In de uren na de aanval werden scènes van de charme van een kleine stad afgewisseld met herinneringen aan het geweld. Op het belangrijkste plein van de gemeenschap verkocht een ambachtsbeurs tuinkunst, terwijl een politieagent met een bomsnuffelende hond rugzakken inspecteerde. De waterkant was gesloten terwijl de politie het bos doorzocht en programma’s werden geannuleerd omdat geruchten over verdere bedreigingen zich onder families verspreidden.

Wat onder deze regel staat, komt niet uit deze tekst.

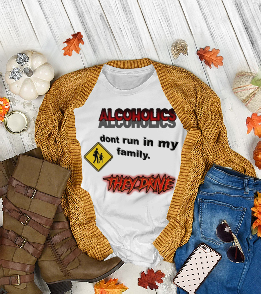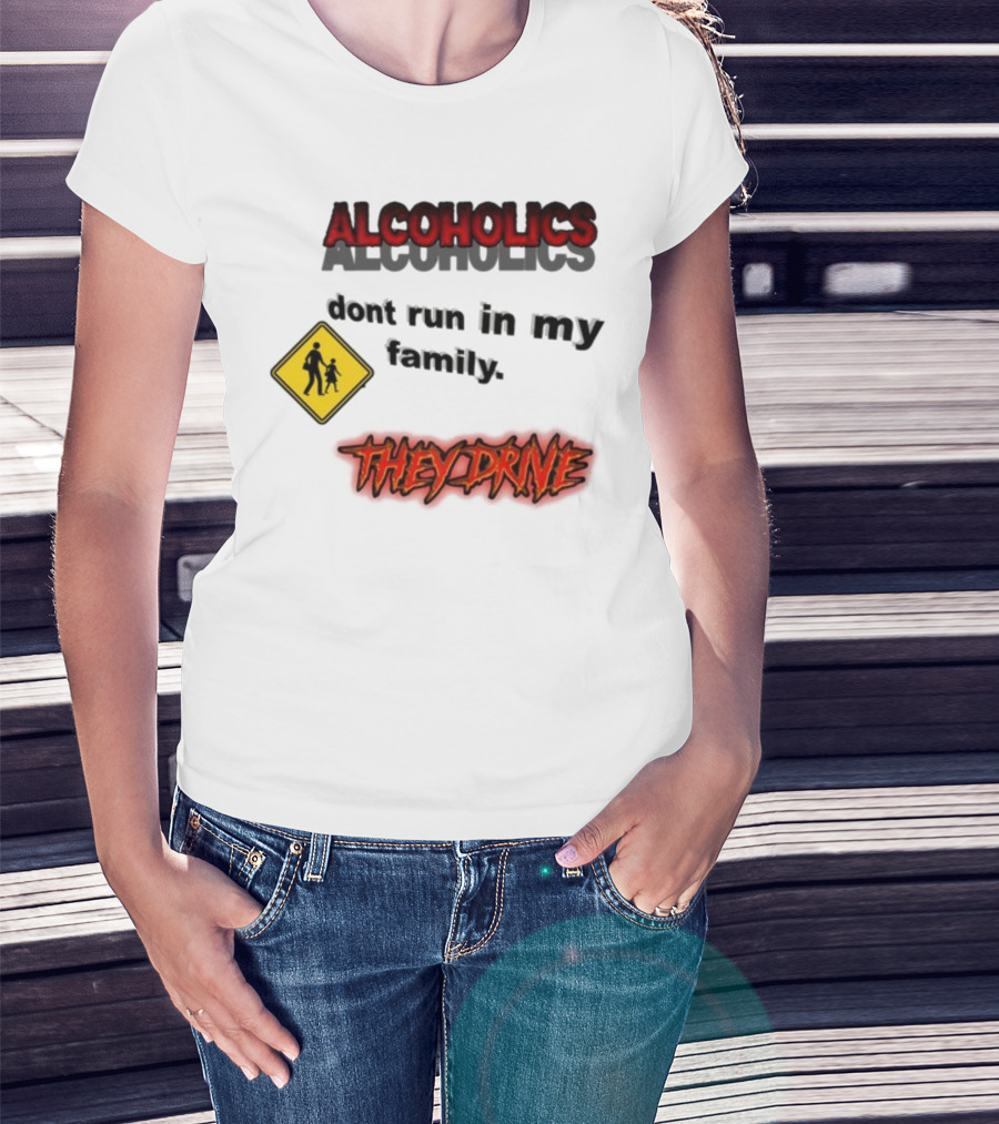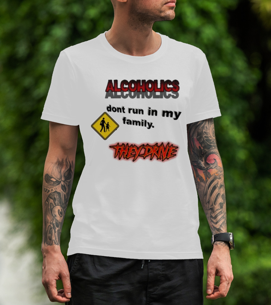 Coldestdrip Alcoholics Drive Don't Run In My Family Traffic Sign T-Shirt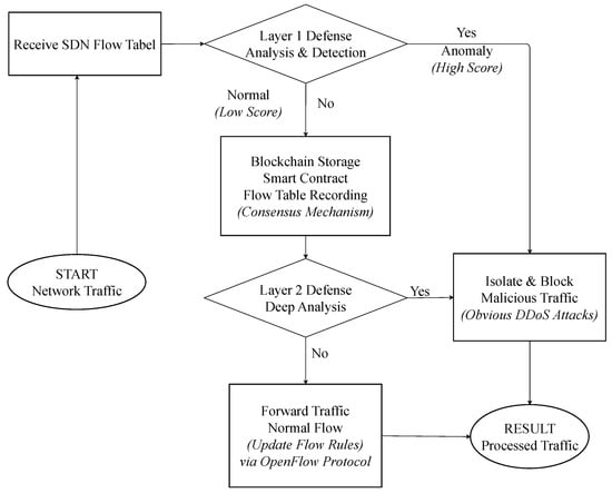 This section will provide a detailed overview of the proposed strategy for mitigating DDoS attacks, which is mainly divided into two parts: the handling of flow table data by blockchain and DDoS detection algorithms.Complete workflow of the dual-layer defense mechanism is illustrated in Figure 3.

Op vrijdagavond kwamen bewoners van Chautauqua bijeen voor een wake in de Hall of Philosophy, een nagebootst Romeins forum niet ver van het amfitheater waar Rushdie werd neergestoken. Honderden waren aanwezig, velen huilden, en een pastoor nodigde de aanwezigen uit om hun gedachten te uiten.

‘Iedereen is belangrijk in de ogen van God,’ riep een stem.

‘God zegene Chautauqua,’ riep een ander uit.

“Haat kan niet winnen.”

Op zaterdagochtend zei dhr. Hill dat hij meer dan ooit toegewijd was aan het vervullen van de missie van de instelling om een ​​inclusief forum voor vrije meningsuiting te creëren.

‘We gaan onze ziel zoeken in Chautauqua,’ zei hij. “We gaan terug naar onze preekstoelen en naar onze podia en blijven dit werk doen.”